When our children were younger, they paraded with other students from St. John’s School. One year, when I was regent of the Daughters of the American Revolution I rode in the Memorial Day Parade in a convertible. My children, then grandchildren, were in the Children of the American Revolution and so the kids for many years would be in a CAR float set up on a flatbed or hay wagon.

In one Memorial Day parade, I was in a horse-drawn carriage with my mother, daughter, and granddaughter, representing four generations of DAR.

In the 1970s, there also were parades up Main Street to mark the opening of the 4-H and FFA Fair at the Ag Center. Often my children were in those parades in various capacities, as all of the kids were in 4-H at one point or another.

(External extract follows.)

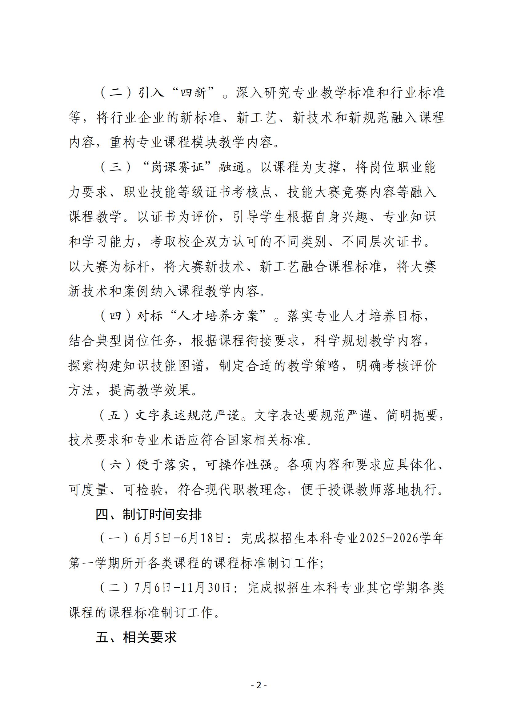 關(guān)于做好2025級職業(yè)本科專業(yè)課程標(biāo)準(zhǔn)制訂工作的通知

When my son Sam was in the Maryland National Guard, he rode in the Memorial Day parade for several years as Commander of Battery A, 110th Field Artillery, which was located at the Evans Armory. The artillery unit would fire a cannon salute after the parade during the commemoration in the Westminster Cemetery.

No doubt many other families have had similar experiences participating in these important community events over multiple generations. As fleeting as such celebrations are, they serve to link our past to our future over the years.

Helen Shriver Riley is a longtime supporter of historic preservation and community volunteer. A native of Union Mills, Maryland, she lives at Fairhaven in Sykesville, Maryland.

PHOTO 1:  Convertibles carrying dignitaries lined up in a parade along Baltimore Street in Gettysburg in the 1930s. (Shriver Family Collection).

PHOTO 2: Elizabeth Riley, waving, third from right, with several of her relatives in a float sponsored by the Children of the American Revolution in the 2002 Memorial Day Parade along East Main Street in Westminster. (Samuel M. Riley/Courtesy Photo)

PHOTO 3:  Samuel M. Riley rides in a tactical vehicle leading Battery A, 110th Field Artillery, Maryland Army National Guard, in the 1996 Memorial Day Parade in Westminster. (Samuel M. Riley/ Courtesy Photo)

PHOTO 4:  Helen Shriver Riley, then Helen Shriver, center front, stands in a crowd with members of her family at the 1937 Centennial Parade in Westminster. With Helen is her brother, James M. Shriver, Jr., front left, and her sister, Eleanor. Behind them are their mother, Helen Brogden Shriver and grandfather, Harry Brogden. (Shriver Family Collection).